RECORDS FOR PROCESSING:
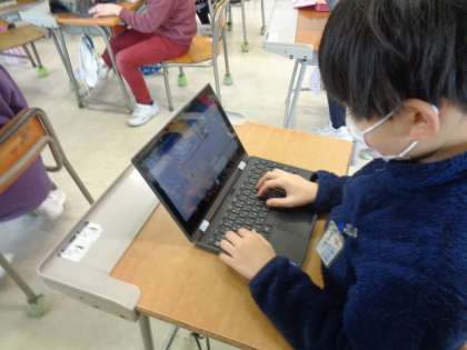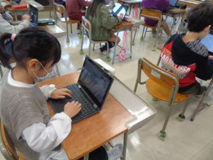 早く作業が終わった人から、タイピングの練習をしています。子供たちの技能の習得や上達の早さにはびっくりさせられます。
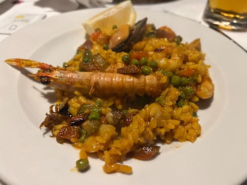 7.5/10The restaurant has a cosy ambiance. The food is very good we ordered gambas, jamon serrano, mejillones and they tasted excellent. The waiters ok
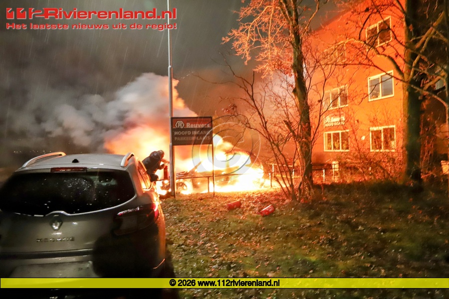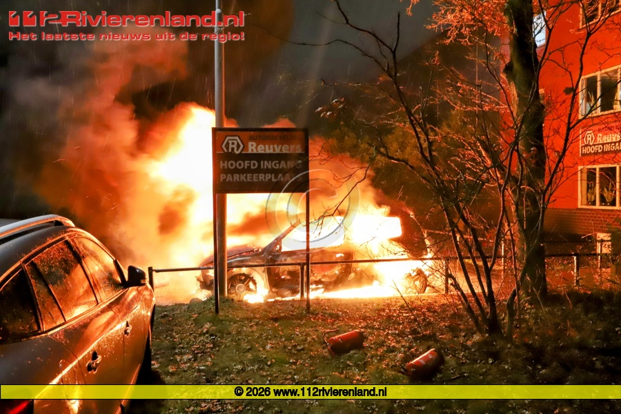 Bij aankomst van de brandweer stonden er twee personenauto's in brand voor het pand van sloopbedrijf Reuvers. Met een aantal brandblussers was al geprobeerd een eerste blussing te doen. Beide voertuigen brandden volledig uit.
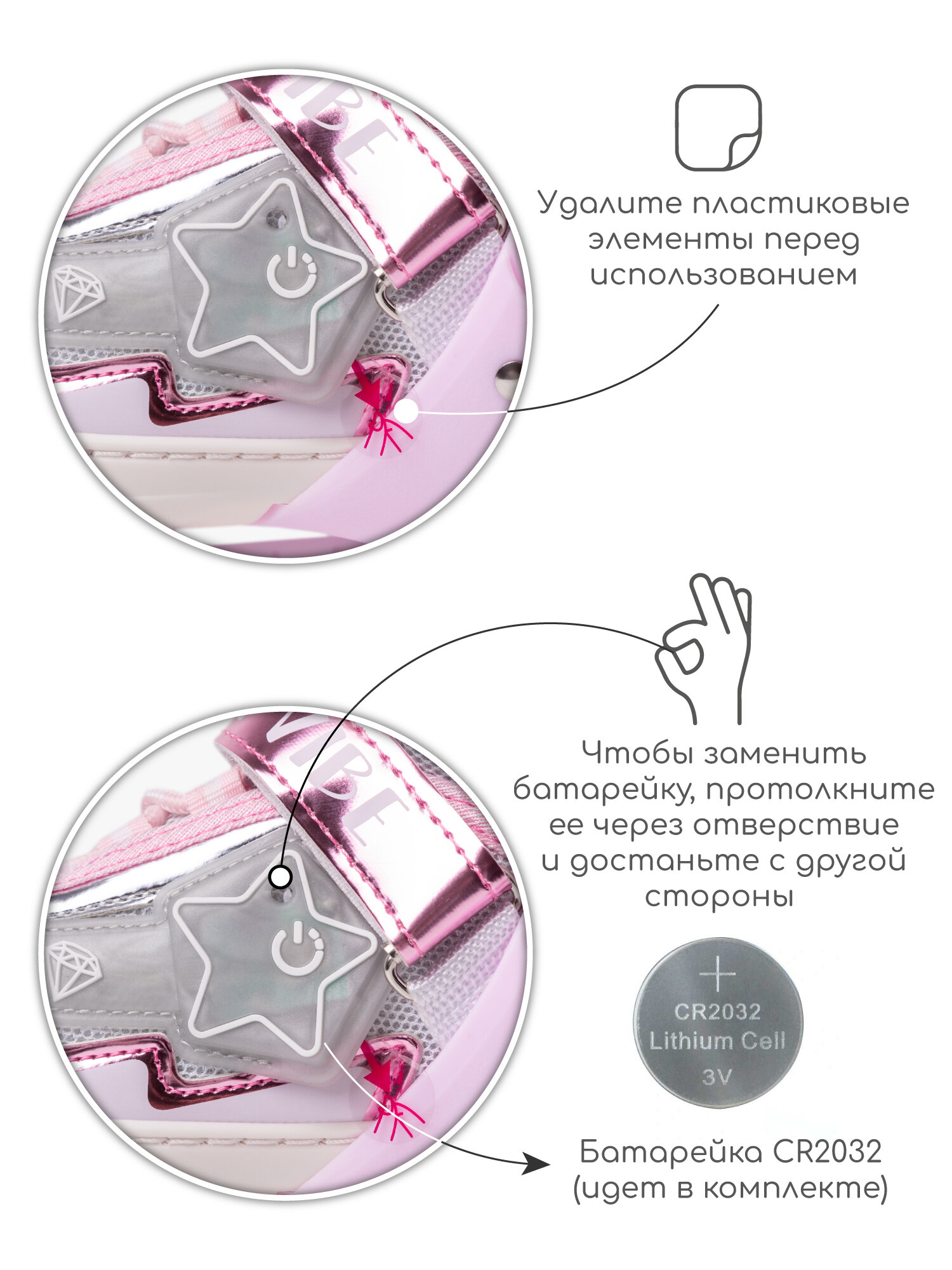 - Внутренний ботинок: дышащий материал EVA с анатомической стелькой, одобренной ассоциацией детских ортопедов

==

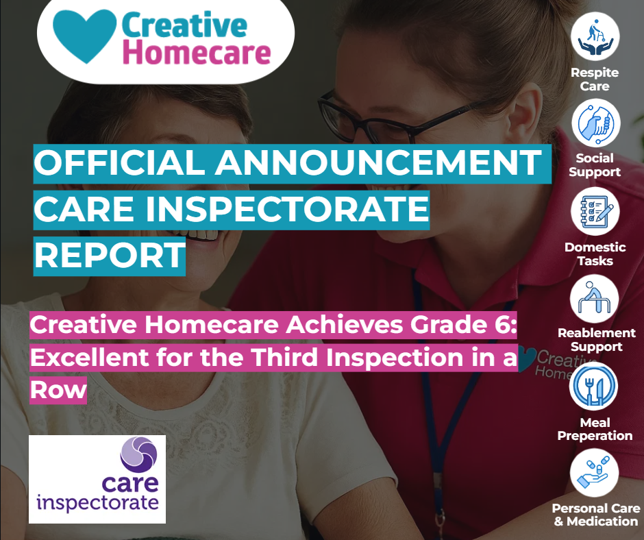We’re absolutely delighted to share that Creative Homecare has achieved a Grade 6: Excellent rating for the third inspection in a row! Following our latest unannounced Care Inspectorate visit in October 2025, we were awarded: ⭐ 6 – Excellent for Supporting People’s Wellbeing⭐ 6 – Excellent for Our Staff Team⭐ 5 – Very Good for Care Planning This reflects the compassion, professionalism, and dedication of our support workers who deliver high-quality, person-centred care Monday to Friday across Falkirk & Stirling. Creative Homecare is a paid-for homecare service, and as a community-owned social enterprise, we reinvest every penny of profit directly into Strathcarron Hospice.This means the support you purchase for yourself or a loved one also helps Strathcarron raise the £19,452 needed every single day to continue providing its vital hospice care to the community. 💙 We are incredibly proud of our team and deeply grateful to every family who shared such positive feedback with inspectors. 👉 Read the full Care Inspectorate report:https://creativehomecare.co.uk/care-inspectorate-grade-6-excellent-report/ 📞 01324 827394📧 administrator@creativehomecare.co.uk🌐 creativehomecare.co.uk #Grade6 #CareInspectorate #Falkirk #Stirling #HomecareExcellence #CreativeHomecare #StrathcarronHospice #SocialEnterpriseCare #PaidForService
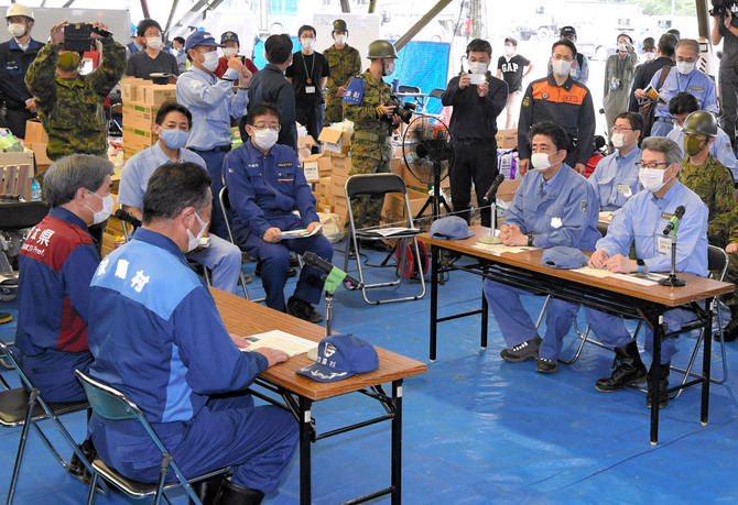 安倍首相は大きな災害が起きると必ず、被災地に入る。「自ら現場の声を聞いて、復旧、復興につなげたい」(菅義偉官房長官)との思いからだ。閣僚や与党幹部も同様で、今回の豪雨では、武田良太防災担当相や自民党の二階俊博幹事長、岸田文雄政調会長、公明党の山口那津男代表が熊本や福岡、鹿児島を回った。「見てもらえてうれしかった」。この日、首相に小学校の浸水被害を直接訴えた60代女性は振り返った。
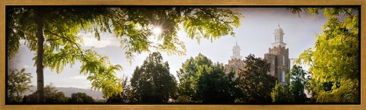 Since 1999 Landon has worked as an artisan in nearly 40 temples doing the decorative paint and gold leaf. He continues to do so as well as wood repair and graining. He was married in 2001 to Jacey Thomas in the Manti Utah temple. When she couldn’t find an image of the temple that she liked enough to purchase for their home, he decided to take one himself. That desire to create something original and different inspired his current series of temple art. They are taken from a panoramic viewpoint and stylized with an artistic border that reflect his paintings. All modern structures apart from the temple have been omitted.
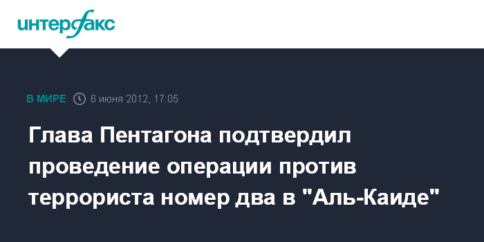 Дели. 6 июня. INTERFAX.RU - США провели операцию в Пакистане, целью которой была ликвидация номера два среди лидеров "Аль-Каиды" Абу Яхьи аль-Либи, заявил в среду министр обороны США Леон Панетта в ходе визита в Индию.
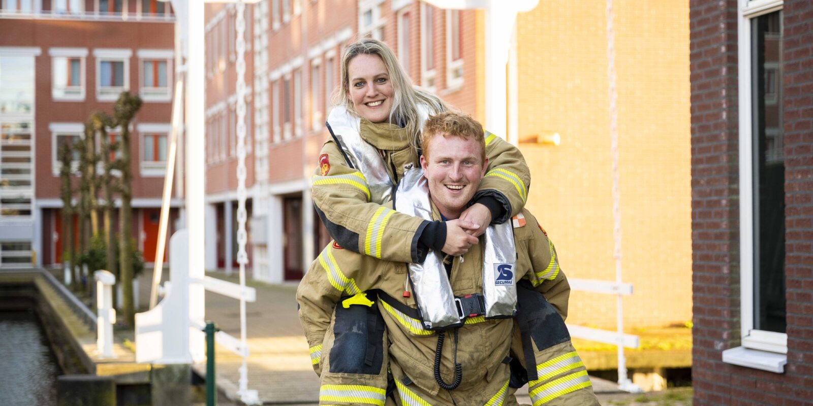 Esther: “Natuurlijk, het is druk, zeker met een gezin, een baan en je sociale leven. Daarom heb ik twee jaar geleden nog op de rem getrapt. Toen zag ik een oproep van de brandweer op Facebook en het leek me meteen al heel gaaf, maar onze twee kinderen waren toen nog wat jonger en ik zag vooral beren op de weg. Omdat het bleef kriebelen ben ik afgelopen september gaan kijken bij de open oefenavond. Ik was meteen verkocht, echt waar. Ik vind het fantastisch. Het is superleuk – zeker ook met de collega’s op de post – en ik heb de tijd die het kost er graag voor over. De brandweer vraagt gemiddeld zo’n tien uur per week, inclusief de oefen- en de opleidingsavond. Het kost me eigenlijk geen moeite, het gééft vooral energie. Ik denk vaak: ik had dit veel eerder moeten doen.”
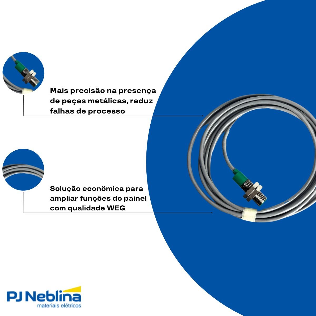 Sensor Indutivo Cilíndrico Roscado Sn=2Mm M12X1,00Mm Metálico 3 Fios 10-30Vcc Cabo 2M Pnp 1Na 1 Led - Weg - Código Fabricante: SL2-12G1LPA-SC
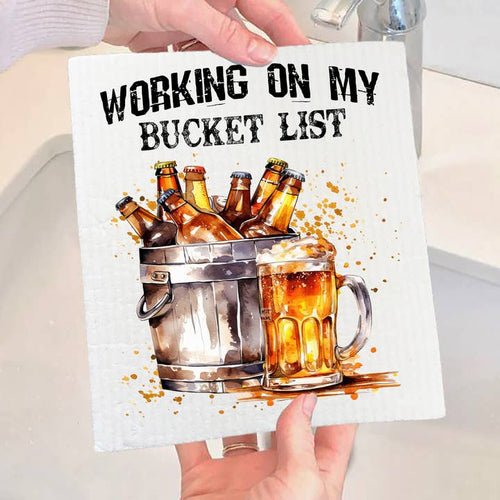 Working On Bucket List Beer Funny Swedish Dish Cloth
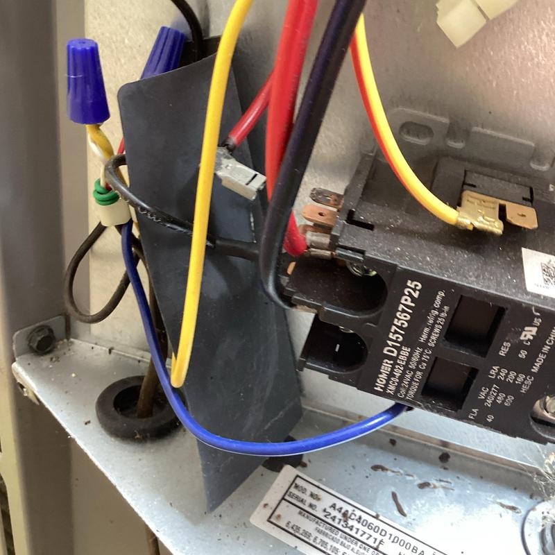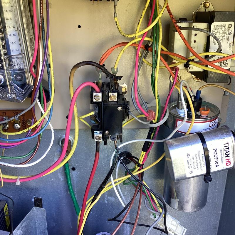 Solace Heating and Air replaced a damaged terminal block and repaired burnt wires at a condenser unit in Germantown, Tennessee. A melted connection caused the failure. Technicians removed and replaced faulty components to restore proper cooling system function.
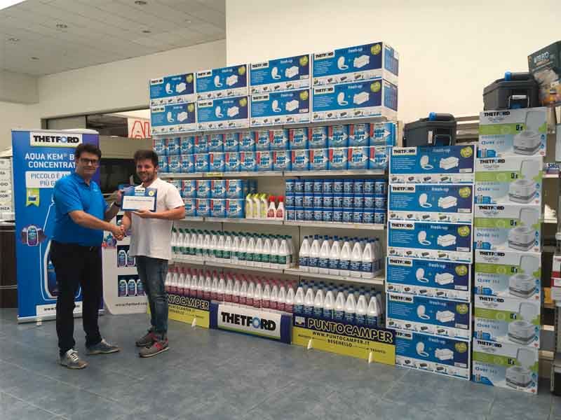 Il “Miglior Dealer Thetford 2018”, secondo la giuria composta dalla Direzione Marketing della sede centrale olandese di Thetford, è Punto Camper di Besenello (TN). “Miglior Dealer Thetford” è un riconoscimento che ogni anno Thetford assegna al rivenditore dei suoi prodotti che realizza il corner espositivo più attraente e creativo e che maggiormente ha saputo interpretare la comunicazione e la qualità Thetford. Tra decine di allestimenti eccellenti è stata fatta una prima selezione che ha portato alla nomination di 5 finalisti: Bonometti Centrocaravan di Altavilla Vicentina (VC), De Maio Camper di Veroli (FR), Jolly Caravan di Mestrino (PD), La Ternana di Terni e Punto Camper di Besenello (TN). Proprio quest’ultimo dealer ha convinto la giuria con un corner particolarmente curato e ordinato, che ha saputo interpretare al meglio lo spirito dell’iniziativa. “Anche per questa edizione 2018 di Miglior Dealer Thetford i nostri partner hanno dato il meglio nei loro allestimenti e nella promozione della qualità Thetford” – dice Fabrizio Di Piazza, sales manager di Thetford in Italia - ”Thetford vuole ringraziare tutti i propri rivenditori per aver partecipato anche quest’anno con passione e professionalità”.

TASK: Retype only the lines above from the one with "早く作業が終わった人から、タ" through the one with "- Внутренний ботинок: дышащий", exactly and with both ends. Images stay out.

YOUR SOLUTION:
 早く作業が終わった人から、タイピングの練習をしています。子供たちの技能の習得や上達の早さにはびっくりさせられます。
 7.5/10The restaurant has a cosy ambiance. The food is very good we ordered gambas, jamon serrano, mejillones and they tasted excellent. The waiters ok
 Bij aankomst van de brandweer stonden er twee personenauto's in brand voor het pand van sloopbedrijf Reuvers. Met een aantal brandblussers was al geprobeerd een eerste blussing te doen. Beide voertuigen brandden volledig uit.
 - Внутренний ботинок: дышащий материал EVA с анатомической стелькой, одобренной ассоциацией детских ортопедов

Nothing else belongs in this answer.